Regulation of MicroRNAs in Myopathies
MiRNAs are essential regulators of skeletal muscle health and their implication in the onset and progression of myopathies and chronic diseases associated with muscle wasting and dysfunction is of high interest. Eisenberg and colleagues observed 185 miRNAs to be commonly dysregulated across ten human primary muscular disorders (Eisenberg et al., 2007). Of these, miR-146b, miR-155, miR-214, miR-221 and miR-222 were consistently increased in almost all of the disease conditions and samples tested. Myotonic dystrophy type 1 (DM1) is the most frequently inherited neuromuscular disorder in adults. MiR-206, a regulator of muscle regeneration (Liu et al., 2012), was specifically augmented in DM1 patients when compared to healthy controls (Gambardella et al., 2010). Additionally miR-1 and miR-335 are upregulated and miR-29b, miR-29c and miR-33 downregulated in DM1 patients, when compared to control subjects suspected of a neuromuscular disorder but not presenting any pathological features (Perbellini et al., 2011). Furthermore, the cellular localization of miR-1, miR-133b and miR-206 appears disrupted in DM1 muscle. Similarly, 11 miRNAs, including the muscle enriched miRNA miR-208, are dysregulated in muscle samples from patients with myotonic dystrophy type 2 (DM2) (Greco et al., 2012).
Duchenne muscular dystrophy (DMD) is the most common and severe form of muscular dystrophy characterized by the absence of the structural membrane protein dystrophin. The muscle-enriched miR-206 is downregulated in mdx mice, a well-established animal model for DMD (McCarthy et al., 2007; Yuasa et al., 2008) and miR-206 loss-of-function accelerates the dystrophic phenotype (Liu et al., 2012). In addition to miR-206, another 11 miRNAs were found to be dysregulated in both DMD patients and mdx mice (Greco et al., 2009). In mice, these dysregulations could be rescued following therapeutic intervention, such as HDAC inhibition or restoration of nitric oxide (NO) signaling; treatments reported to ameliorate the mdx phenotype (Colussi et al., 2008). In DMD samples, miR-31 and miR-486 were also identified as regulators of muscle regeneration (Greco et al., 2009). In human DMD myoblasts, miR-31 inhibition increases dystrophin content. MiR-31 modulation is therefore proposed as a possible therapeutic strategy to ameliorate the DMD phenotype (Cacchiarelli et al., 2011). Interestingly, miR-486 expression was not altered in muscle from patients with Becker muscular dystrophy who expresses a partially functional dystrophin protein (Eisenberg et al., 2007).
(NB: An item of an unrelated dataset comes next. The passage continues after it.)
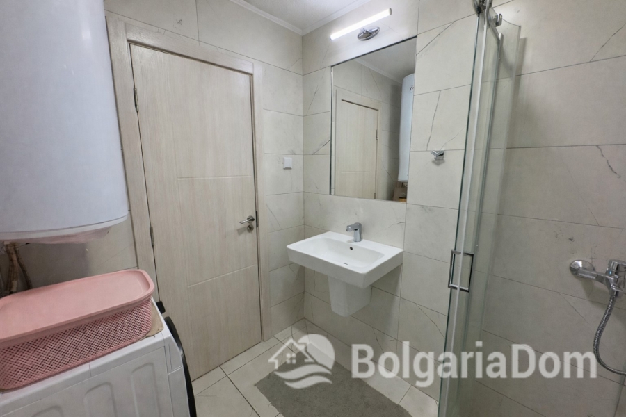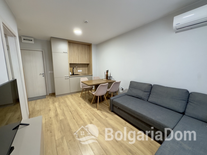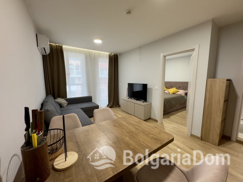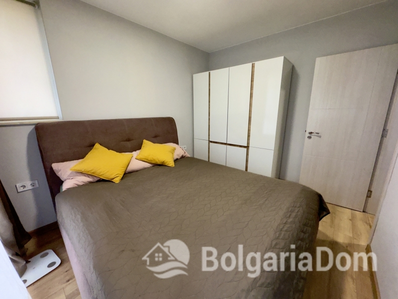 Wir bieten Ihnen eine neue, komplett bezugsfertige 1-Zimmer-Wohnung in einem modernen, hochwertigen Neubaukomplex in ruhiger, grüner Lage in Sunny Beach zum Kauf an. Die Wohnung mit einer Gesamtfläche von 44 m² befindet sich im 5. Stock eines Gebäudes mit Aufzug. Aufteilung: Eingangsbereich, Wohnzimmer mit Küche, Schlafzimmer und Balkon. Die Wohnung wird mit neuen Möbeln und hochwertigen Geräten verkauft und ist stilvoll renoviert. Sie verfügt über moderne Sanitäranlagen und eine Klimaanlage. Diese Wohnanlage mit Zugangskontrolle entspricht den Anforderungen des modernen Immobilienmarktes: garantiert hochwertige Bauweise, Vermietungsmöglichkeiten und eine gepflegte, einladende Anlage. Die Immobilie befindet sich im Herzen des Ferienortes Sunny Beach. Die Gegend ist sehr grün und ruhig, dennoch sind alle notwendigen Einrichtungen und die Infrastruktur (Straßen, Parks, Supermärkte und Apotheken) in unmittelbarer Nähe. Im Westen grenzt das Gelände an eine 7.000 m² große Fläche, die als Stadtpark ausgewiesen ist. Auf dem Gelände stehen Ihnen folgende Annehmlichkeiten zur Verfügung: – ein großer Außenpool, ein Whirlpool, Ruhezonen, eine gepflegte Gartenanlage, ein Café, 24-Stunden-Sicherheitsdienst und Zugangskontrolle, Parkplätze und Fahrradständer.
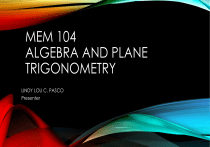 MEM 104 ALGEBRA AND PLANE TRIGONOMETRY LINDY LOU C. PASCO Presenter TOPIC Solutions of Right Triangles Solutions of Right Triangles The process of finding the missing measurements is known as solving the triangle If the triangle is a right triangle, then one of the angles is 90°. Therefore, you can solve the right triangle if you are given the measures of two of the three sides or if you are given the measure of one side and one of the other two angles . If the triangle is a right triangle, you can use simple trigonometric ratios to find the missing parts. A. Solving a right triangle given the measure of the two parts; the length of the hypotenuse and the length of one leg Example: Triangle BCA is right-angled at C. If π = 23 and π = 17 , find ∠ π΄, ∠π΅ and π . Express your answer into two decimal places. Solution: a. Side b is the adjacent side of ∠π΄; c is the hypotenuse of right triangle BCA. Use CAH, that is ππππππππ‘ cos π = βπ¦πππ‘πππ’π π Sketch the figure π cos π΄ = π 17 cos π΄ = 23 cos π΄ = 0.7391 π΄ ≈ 42.3400 We use scientific calculator to find an angle whose cosine value is 0.7391 b. Since in part (a), it was already found that ∠π΄ ≈ 42.34π then, ∠π΅ = 90π − 42.34π ∠π΅ ≈ 47.66π c. Find a by using the Pythagorean Theorem π2 + π 2 = π 2 π2 + (17)2 = (23)2 π2 = 529 − 289 π2 = 240 π = 240 π ≈ 15.49 The complete set of solutions of the given triangle are: ∠π΅ ≈ 47.66π ∠π΄ ≈ 42.34π ∠πΆ = 900 π ≈ 15.49 π = 17 π = 23 B. Solving a right triangle given the length of the hypotenuse and the measure of one acute angle Example: Triangle BCA is right-angled at C, if π = 27 and ∠ π΄ = 58π , find ∠ π΅, b, and a. Solution: a. To find B, since B and A are complementary angles, then ∠π΅ + ∠π΄ = 90π ∠π΅ = 90π − 58π ∠π΅ = 32π b. To find b, since b is the adjacent side of ∠π΄ and c is the hypotenuse of right βπ΅πΆπ΄ , then use CAH ππππππππ‘ cos π = π = 27 cos 58π βπ¦πππ‘πππ’π π π cos π΄ = π cos 58π = π 27 π = 27(0.5299) π ≈ 14.31 c. To find a, since a is the opposite side of ∠π΄ and c is the hypotenuse of right βπ΅πΆπ΄ , then use SOH πππππ ππ‘π sin π = βπ¦πππ‘πππ’π π π sin π΄ = π π sin 58 = 27 π π = 27 sin 58π The complete set of solutions of the given triangle are: ∠π΅ = 320 ∠π΄ = 580 ∠πΆ = 900 π = 27(0.8480) π ≈ 22.9 π ≈ 22.9 π ≈ 14.31 π = 27 C. Solving a right triangle given the length of one leg and the measure of one acute angle Example: Solution: Triangle ACB is right-angled at C. If ∠ π΄ = 63π and a= 11 cm, find ∠ π΅, b, and c. a. To find ∠B, take note that ∠ B and ∠ A are complementary angles. Then, ∠ B + ∠ A= 90π ∠ B = 90π − 63π ∠ B = 27π b. To find b, since b is the adjacent side and a is the opposite side of ∠π΄, then use TOA πππππ ππ‘π 11 π tan π = tan 63 = ππππππππ‘ π π tan π΄ = π tan 63π = 11 π tan 63π 11 = π π(1.9626) = 11 11 π= 1.9625 π ≈ 5.60 ππ c. To find c, since c is the hypotenuse and a is the opposite side of ∠π΄, then use SOH πππππ ππ‘π sin π = βπ¦πππ‘πππ’π π The complete set of solutions of the given triangle are: ∠π΅ = 270 ∠π΄ = 630 ∠πΆ = 900 π sin π΄ = π sin 63π = 11 π π = 11 π ≈ 5.60 ππ π ≈ 12.35 ππ π sin 63π = 11 π(0.8910) = 11 11 π= 0.8910 π ≈ 12.35 ππ D. Solving a right triangle given the length of the two legs Example: Triangle ACB is right-angled at C. If a =18.5 cm and b= 14.2 cm, find c, ∠ π΄ πππ ∠ π΅. Solution: a. To find c, use Pythagorean Theorem π 2 = π2 + π2 π 2 = (18.5)2 +(14.2)2 b. To find ∠π΄ , since a and b are opposite and adjacent side of ∠π΄ respectively, then use TOA π 2 = 342.25 + 201.64 π2 = 543.89 π = 543.89 π ≈23.32 cm πππππ ππ‘π tan π = ππππππππ‘ π tan π΄ = π tan π΄ = 18.5 14.5 tan π΄ = 1.3028 π΄ ≈ 52π We can use our scientific calculator to find an angle whose tangent is 1.3028 c. Based on the fact that ∠ A and ∠ B are complementary, the measure of angle ∠ B is 90π − 52π = 38π The complete set of solutions of the given triangle are: ∠π΅ = 380 ∠π΄ ≈ 52π ∠πΆ = 900 π = 18.5 ππ π = 14.2 ππ π ≈23.32 cm Law of Sines Learning Objectives 1. Use the Law of Sines to solve oblique triangles. 2. Find the area of an oblique triangle using the sine function. 3. Solve applied problems using the Law of Sines. Using the Law of Sines to Solve Oblique Triangles Any triangle that is not a right triangle is an oblique triangle. Solving an oblique triangle means finding the measurements of all three angles and all three sides. To do so, we need to start with at least three of these values, including at least one of the sides. We will investigate three possible oblique triangle problem situations: 1. ASA (angle-side-angle) We know the measurements of two angles and the included side. 2. AAS (angle-angle-side) We know the measurements of two angles and a side that is not between the known angles. 3. SSA (side-side-angle) We know the measurements of two sides and an angle that is not between the known sides. Knowing how to approach each of these situations enables us to solve oblique triangles without having to drop a perpendicular to form two right triangles. Instead, we can use the fact that the ratio of the measurement of one of the angles to the length of its opposite side will be equal to the other two ratios of angle measure to opposite side. Let’s see how this statement is derived by considering the triangle shown in Figure 10.6. β π β π Using the right triangle relationships, we know that sin α = and sin β = . Solving both equations for β gives two different expressions for β. β= π sin πΌ and β = π sin π½ We then set the expressions equal to each other. Simil

MiR-486 is proposed to play an important regulatory role in the PTEN (phosphatase and tensin homolog deleted on chromosome 10)/Akt pathway in dystrophin deficient (Alexander et al., 2011) and normal muscle (Small et al., 2010). The sapje mutant zebrafish is a model presenting a more severe dystrophic phenotype than the mdx mouse (Bassett and Currie, 2004). MiR-199a-5p is elevated in both sapje zebrafish and human DMD samples when compared to their respective control samples (Alexander et al., 2013). It was demonstrated that miR-199a-5p inhibits the expression of several components of the Wnt signaling pathway, a pathway that regulates satellite cell maintenance and differentiation (Polesskaya et al., 2003; Le Grand et al., 2009).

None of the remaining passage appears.